Moka (/mfe/) is a district of Mauritius, situated in the central plateau of the island. The district has an area of 230.5 km^{2}. The population was estimated to be 83,664 at the end of 2019.

==History==
The district of Moka was named after Moka port in Yemen. That port was the origin of the coffee plants which were imported by the French East India Company to Mauritius in the 18th century.
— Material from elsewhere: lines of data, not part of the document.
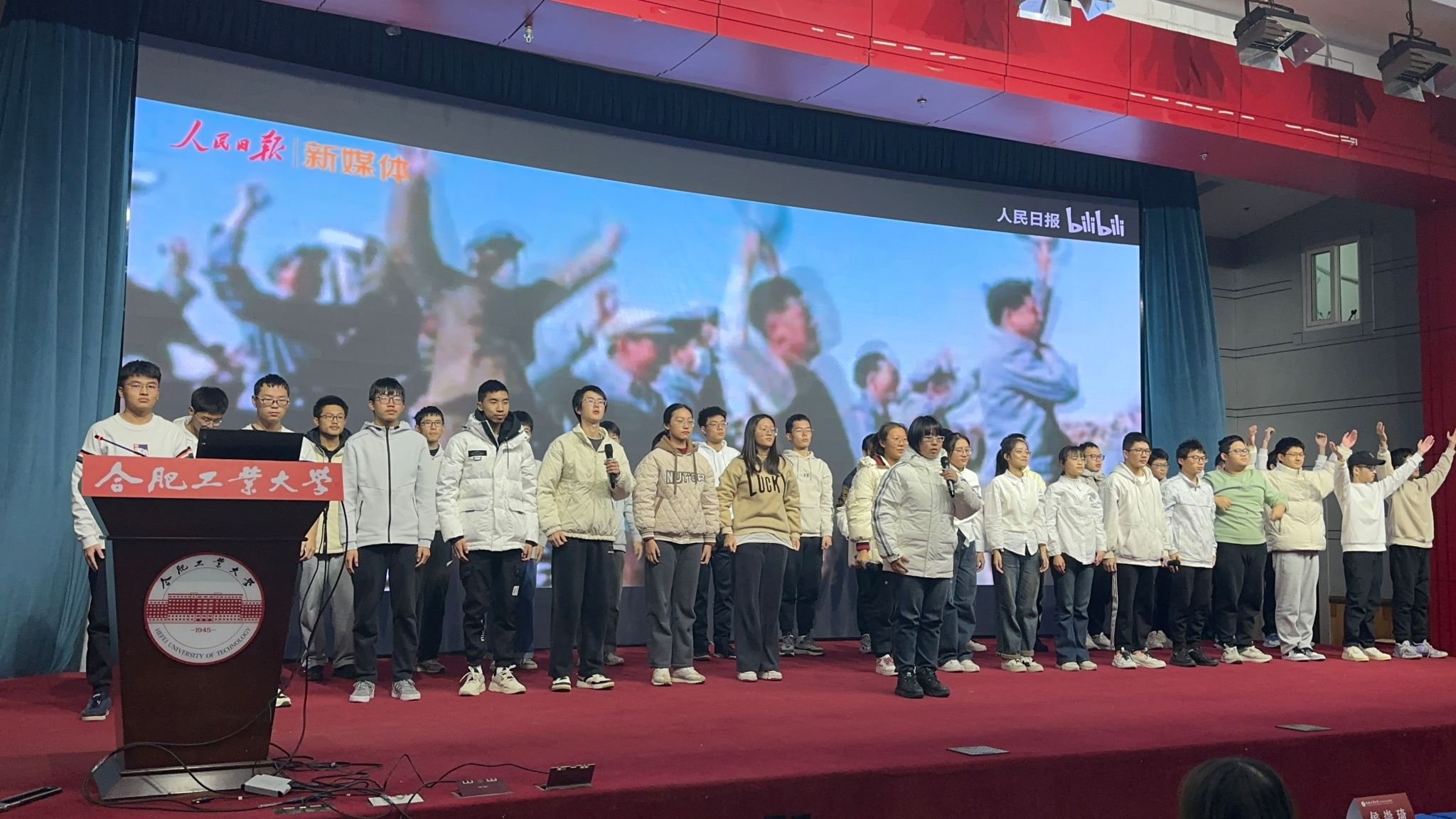 文化展演环节分为“熠气风发”“熠往无前”“熠彩纷呈”三个篇章,赞美青春挺膺担当的信心、爱国荣校的情怀和激昂向上的精神风貌,打造将信仰与美育相结合、家国情怀与成长成才相结合的展演,演绎出青年大学生生逢其时的斗志昂扬,使命在肩的时不我待。
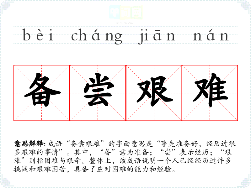 成语“备尝艰难”的字面意思是“事先准备好,经历过很多艰难的事情”。其中,“备”意为准备;“尝”表示经历;“艰难”则指困难与艰辛。整体上,该成语说明一个人已经经历过许多挑战和艰难困苦,具备了应对困难的能力和经验。
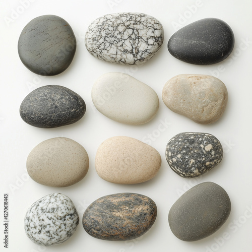 Smooth river stones arranged artistically on a pure white surface for peaceful composition
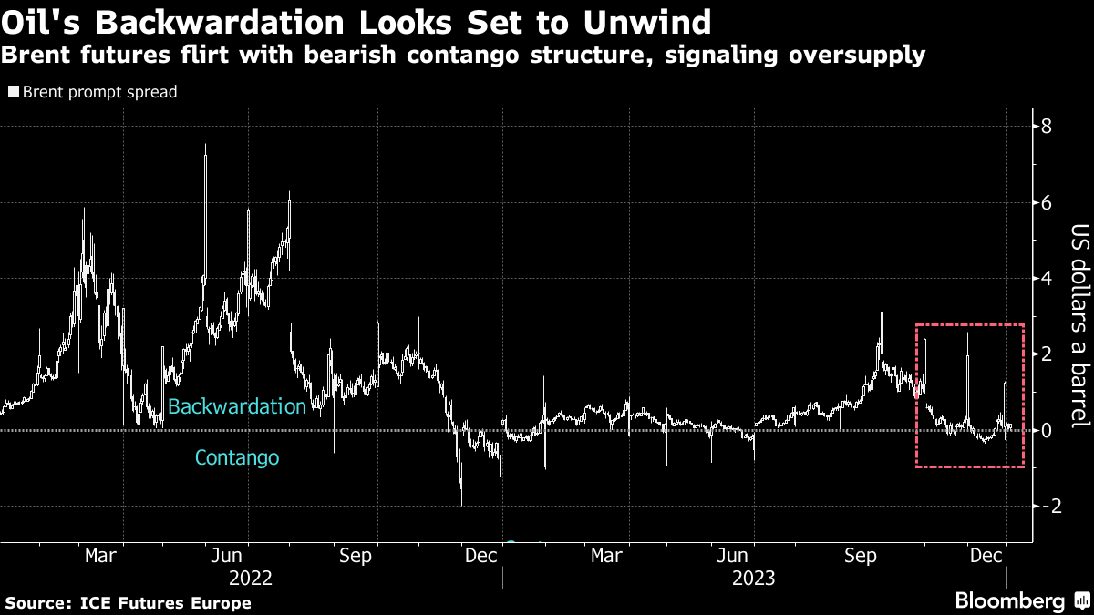 Oil is fresh off its first annual decline since 2020. And while there's no crystal ball to determine what's in store for 2024, one thing is clear: Supply will remain a driving factor. Record production in the US and rising output from non-OPEC+ nations has contributed to a global glut, despite pledges by the Organization of the Petroleum Exporting Countries to curb supplies. Investors are taking note, with Brent's prompt spread once again flirting with contango, a bearish market structure that signals oversupply where barrels for immediate delivery are cheaper than future contracts. UBS Group AG is the latest big bank to cut its forecasts for the global oil benchmark as the cartel's spare production capacity swells, with Brent expected to hold in a $80-a-barrel to $90-a-barrel trading range this year.
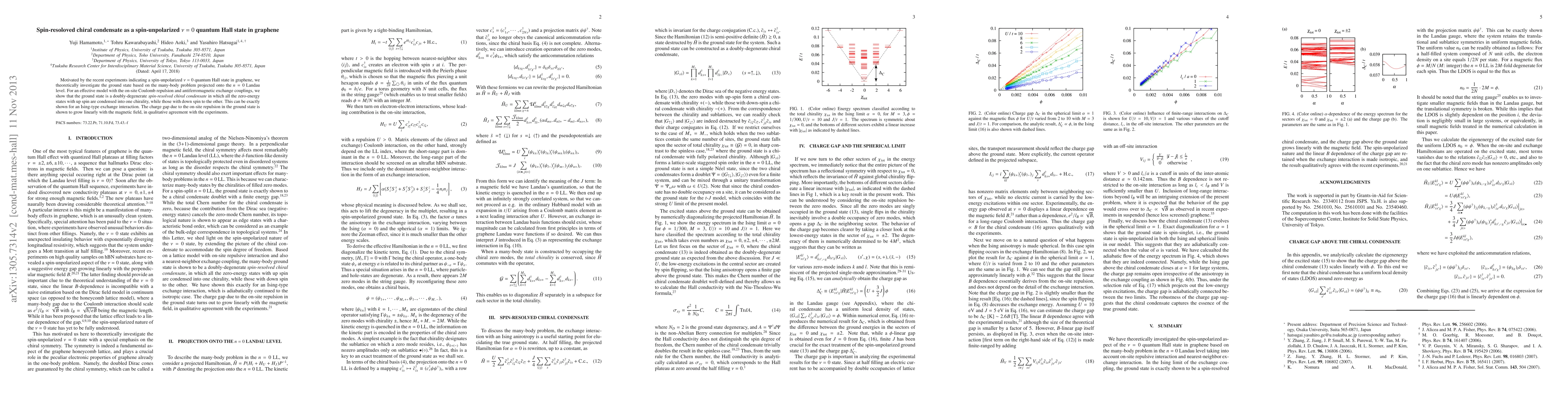This paper investigates the ground state of graphene's spin-unpolarized ν=0 quantum Hall state, revealing a doubly-degenerate spin-resolved chiral condensate where zero-energy states are split by spin chirality. The charge gap grows linearly with magnetic field, aligning with experimental observations.
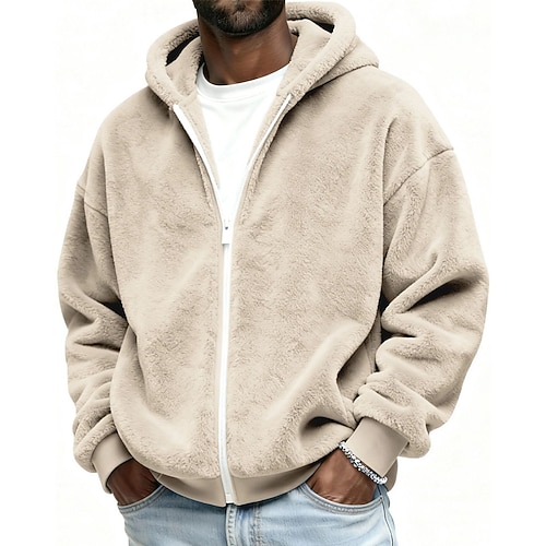 Per uomo Felpa con cappuccio Felpa con cappuccio a zip intera Felpa con cappuccio in pile Felpa con cappuccio foderata in pile Nero Bianco Borgogna Blu marino Blu Reale Con Cappuccio Semplice
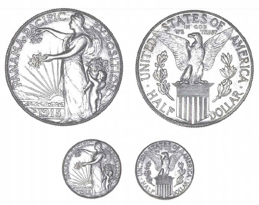 The next silver commemorative coin to be created was the 1915-S half dollar struck in San Francisco in conjunction with the Panama-Pacific International Exposition held in that city in 1915 to celebrate the 1914 completion of the Panama Canal and the rebirth of the Golden Gate City from the 1906 earthquake and fire.
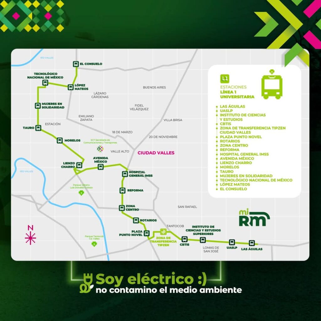 La Secretaría de Comunicaciones y Transportes (SCT) presentó en Ciudad Valles la Línea 1 Universitaria del nuevo sistema de transporte RedMetro, 100 % eléctrico, gratuito y sustentable. Este proyecto busca impulsar una movilidad eficiente en la región Huasteca, beneficiando directamente a más de 10 800 estudiantes de las principales instituciones educativas por donde pasará.
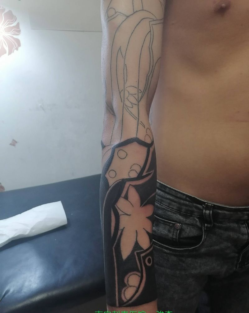 当前位置: 首页 >广西南宁市纹身店-彫學長刺青纹身图案>(原创浪臂)开始上色咯纹身图片_手臂纹身图案
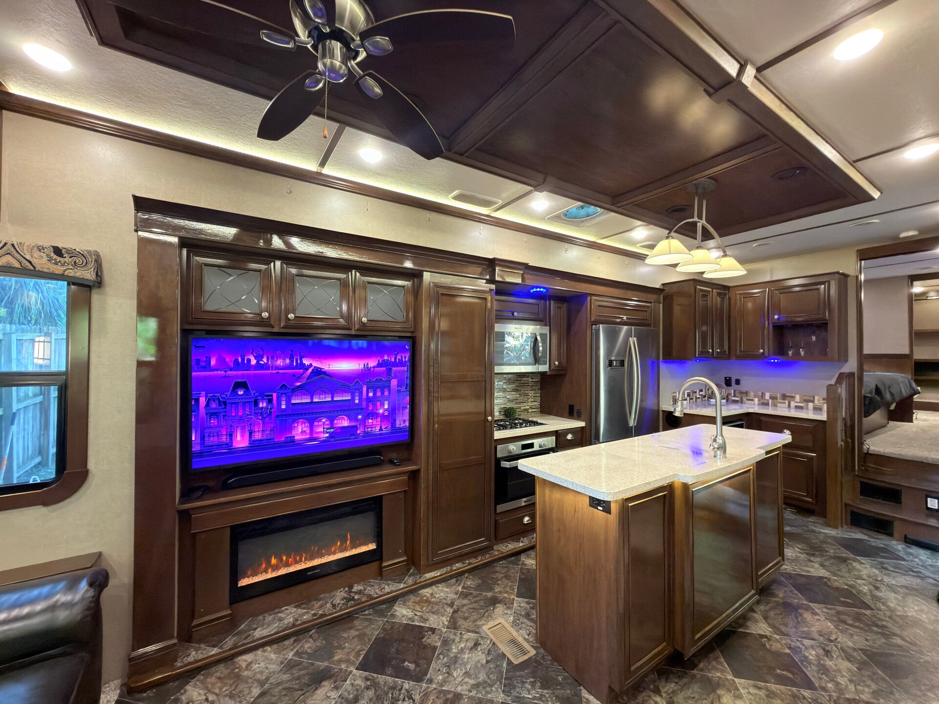 This 40 ft long fifth wheel features 3 slideout, top of the line carpentry all around including soft closing doors only high quality material used in this unit ! appliances like new
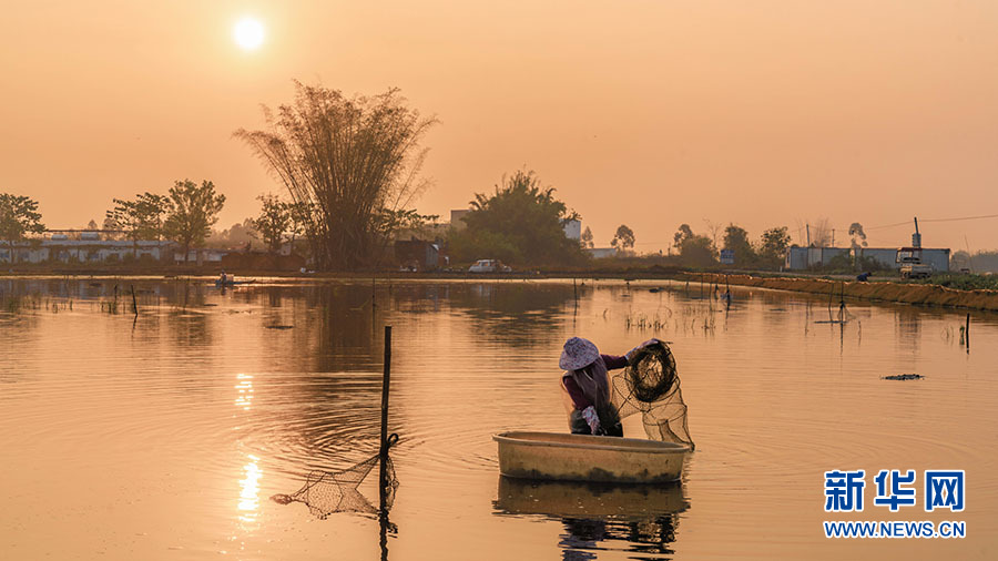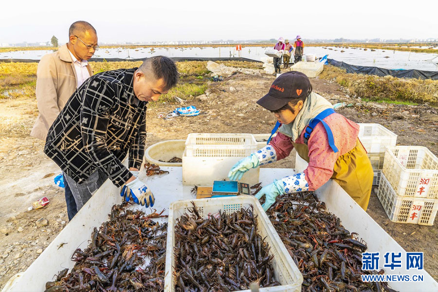 在春风送暖、百花盛放的季节,广西桂平南木镇的农户们忙着从稻田里拉起地笼,一只只活蹦乱跳的小龙虾顺势滚进篮筐,收购商与工人们一起将小龙虾入筐、挑选、称重,销往全国各地,走上千家万户的餐桌。
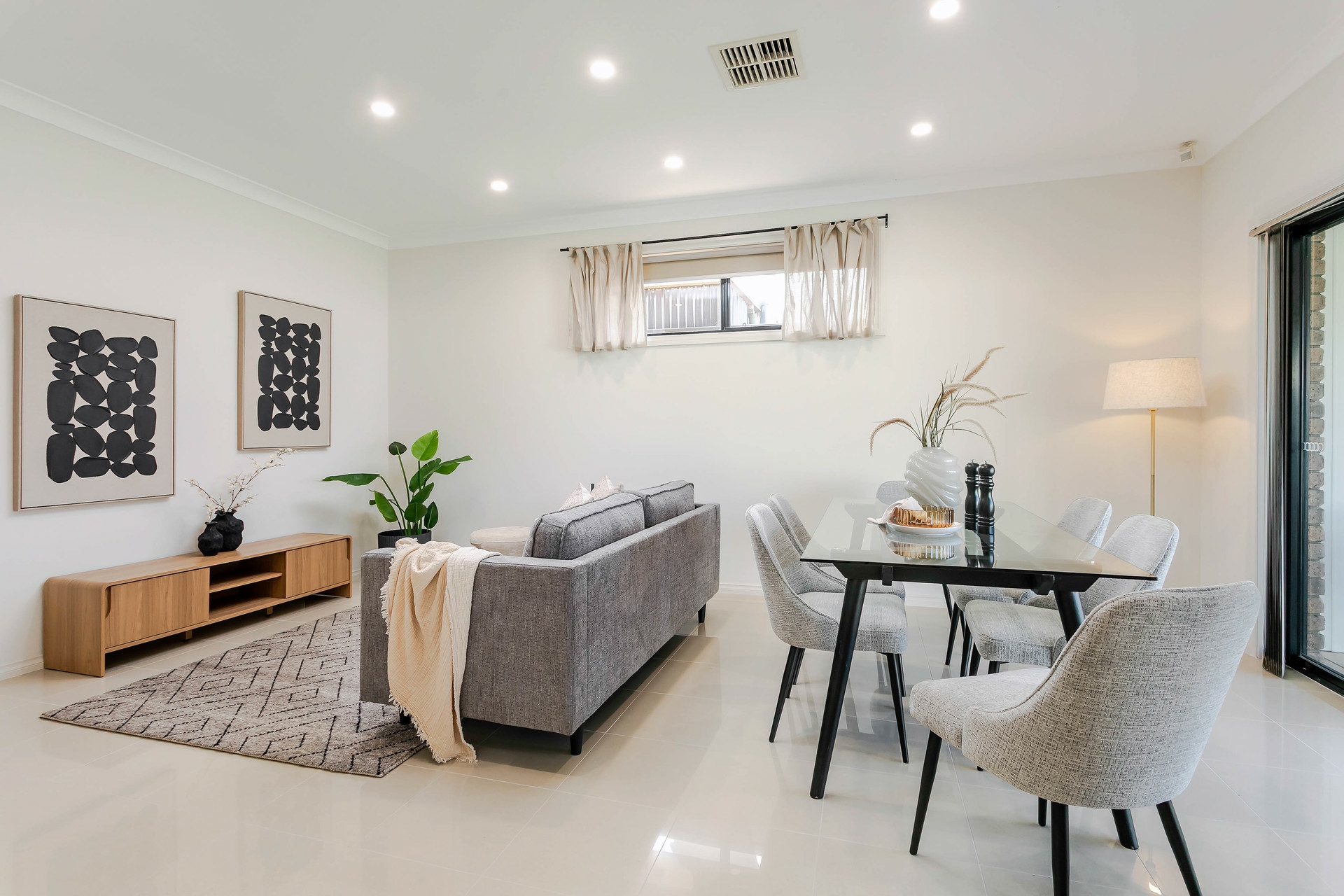 A separate living room provides valuable versatility, ideal as a media lounge, quiet retreat, or additional family space.
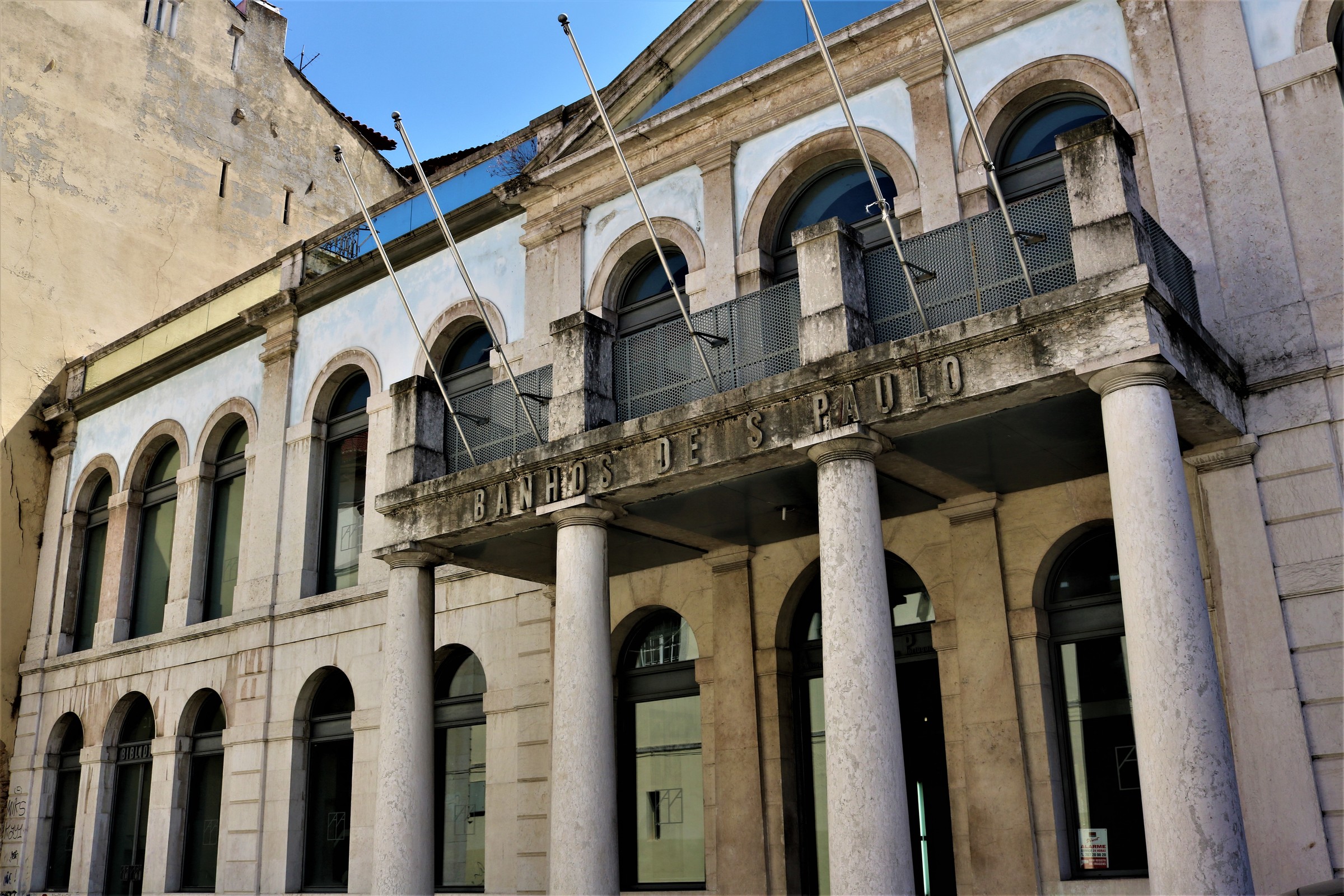 Mandado construir pela Santa Casa da Misericórdia de Lisboa, a partir de 1850, sob projeto de Pézerat, o edifício dos Banhos de São Paulo tinha por objetivo aproveitar uma nascente de águas medicinais que havia sido descoberta junto à ala Poente da Praça do Comércio. Traduzindo uma linguagem tardo-neoclássica, é um edifício de grande solidez, elegância e simplicidade, apresentando planta retangular, organizada em torno de um pátio central, coberto por clarabóia com estrutura de ferro, cuja fachada principal, ampla, surge desenvolvida em 2 pisos, ritmados verticalmente por pilastras, e rematada por platibanda e frontão triangular reto. Ao nível da cobertura é visível o volume cúbico do antigo depósito de água, assim como a alta chaminé cilíndrica das caldeiras, construídas em tijolo. No interior, dispunha de 59 tinas e possuía os equipamentos mais modernos para a época, sendo considerado um dos melhores da Europa.
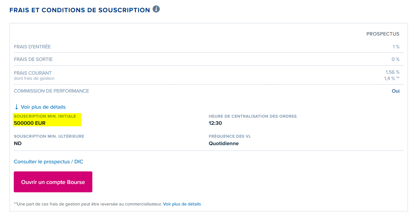 Par contre sur Bourso et Saxo, il est bien précisé que pour souscrire à la I(C) c’est 500K mini.
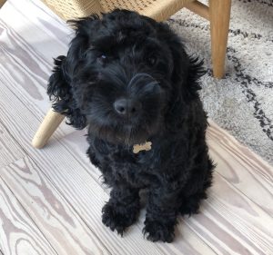 Vi dukker op kl. 19 hos Lise og Martin en hverdag i marts. Det er mørkt udenfor, men hyggeligt indenfor. Bulder er ellevild af glæde over, at der er besøg og vimser rundt om benene på os.
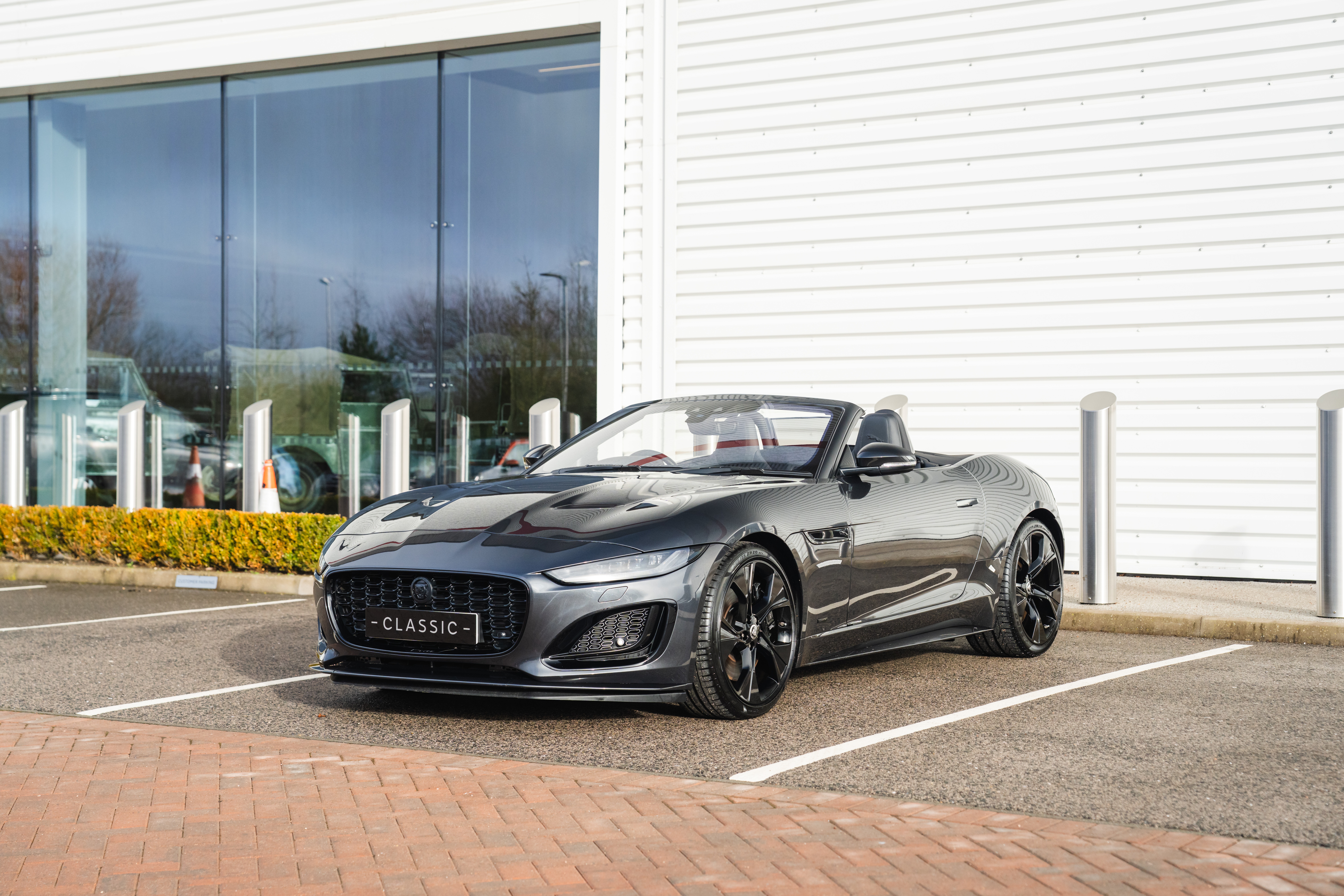 This particular vehicle is the F-type R 75 roadster, featuring the 450 PS 5.0 V8 engine. Finished in Carpathian Grey metallic paint with Ebony Windsor leather interior the car has covered just under eight thousand miles. The vehicle has been retained by JLR from new and is now available to purchase, directly from Jaguar Classic. The car comes with the balance of the Jaguar three-year warranty (until March 2027).

The coffee plants were imported to the area of Mauritius that became Moka District.

==Places of interest==
- Bagatelle Mall

==Places==
The Moka District includes different regions; however, some regions are further divided into different suburbs. Note that the statistics do not take into account that Ripailles was created out of Nouvelle Découverte and that Pailles was absorbed by Port-Louis Municipal Council in 2011 following the new Local Government Act.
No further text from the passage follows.